2010 European Brass Band Championships - Test Piece review25-Apr-2010
4BR has been listening to the latest work from the pen of the innovative Thomas Doss - and his fascinating 'Spiriti'.
With his latest work, ‘Spiriti’, Austrian composer Thomas Doss appears to revel in the creation of his own form of musical miasma.
The 2010 European test piece is a quite remarkable composition of innovative thought processes – an exploration of the margins of brass band possibilities; yet on first hearing it appears to come from the pen of a man imbued with extra sensory illusory perceptions.
It’s a wonderful piece of inventive brass writing (and rock hard too), where deliciously, nothing is quite what it seems.
Doss tells us that the work is also imbued with the spirit of Anton Bruckner, yet it is not until seven bars before the very end of the piece that the one direct quote from his ‘Fifth Symphony’ is heard.
Bruckner it seems is a difficult man to pin down – even in the spirit world. He’s there all right, but it would take a hi tech ouija board and Doris Stokes on tip top form to make an early connection with him before bar 363 (of 369) in the piece. The composer creates a musical spirit illusion that would beat Derek Ancora into a tin hat.

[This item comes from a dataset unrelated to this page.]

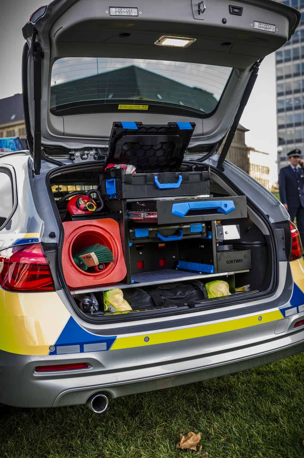 The i3 received all the bells and whistles one could expect on an ER vehicle. It is wrapped in a German Police car livery and has a light bar on the roof as well as LED strobe lights embedded in the front kidney grilles. However, there is no word on what special equipment may hide inside.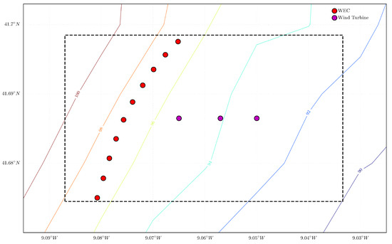 Spatial distribution of the proposed co-located wave-wind farm. (Colour lines represent the bathymetric isolines. Red and magenta dots highlight the position of WECs and wind turbines, respectively. Black dashed line represents the allocated sea space for the WindFloat Atlantic farm).

What we do hear – almost from the first bar to the last, is the body (as well as the spirit) of another well known composer – Johann Sebastian Bach, and his, famous chorale; ‘Fur deinen Thron tret’ich hiermit’ ; better known perhaps ‘All people that on earth do dwell’ – although the illusion Doss creates is that of a world of the surreal – one imbued with that miasma of the incredible.
Where else would you find tempo markings that although sober enough in print, make some of the technical filigree work almost impossible to play with precise clarity even by the finest players in Europe: Yet they still make perfect sense in terms of musicality.
(The piece is around 15 and half minutes long if played to the letter of the law – but with some bands it could be stretched to 18 minutes plus)
And what about effects such as humming cornet players (and not in the Puccini sense) that on first glance appears an easy ‘trick’ to pull off, but on closer analysis is pitched in such a way that bands with few female voices will need a supply of extra tight Y-fronts or falsetto back row cornet players to make work.
Doss has a masterful grasp of the unfocussed musical lens.
He explored a form of shimmering heat haze in his recent ‘Sketches from Nowhere’ – an effect not unlike that seen at the beginning of the film ‘Lawrence of Arabia’ – with the eye taking an age to finally find its optical focus point on Omar Shariff as he rides towards the camera on his camel.
No sketches of Arabia here however, but the Vaseline smeared lens is at work again – primarily through the use of perfectly tapered glissandi on trombones and more subtly, on cornets – a malleable bending of pitch that creates an intriguing dissonance.
Add to this the composer’s innovative use of muted textures (the gloopy sound of the bucket mutes on the euph are quite mesmerising) which allows him to play with your senses of perception, even though the kernel of that simple Bach chorale underpins everything.
He revels in that musical miasma – the ciphers and phantoms of little ideas created and exposed, denied and hidden, through a panoply of differing styles.
Dirty edged blues, ‘Heavy’ rock, a touch of Baroque and gypsy, brass band hymnals, minimalism, edgy ensemble – even quasi religious retrospection – although you do wonder if Doss is really leading you down that particular ‘et spiritus sancti’ path with his tongue placed firmly in his cheek.
By its close the abstract apparitions come thrillingly together – as if the earth dwellers have finally worked out what the whole ‘Doss Matrix’ has been all about – even if the composer still manages to play with our mental imagery by evoking the mind’s eye picture of the two old ‘masters’ playing a sort of duet on the local church organ as the great unwashed celebrate their reappearance from the realms of the ‘choir invisible’ by ringing out the church bells.
Raise a glass
We should all raise a glass to the composer. He has delivered a quite remarkable piece of brass band composition. ‘Spiriti’ is a wonderful work from a wonderfully inventive musical mind – although it must be a noggin that has a touch of the weird and wonderful lurking in its darkest recesses.
And given what we can look forward to here on the weekend, that can only be a good thing.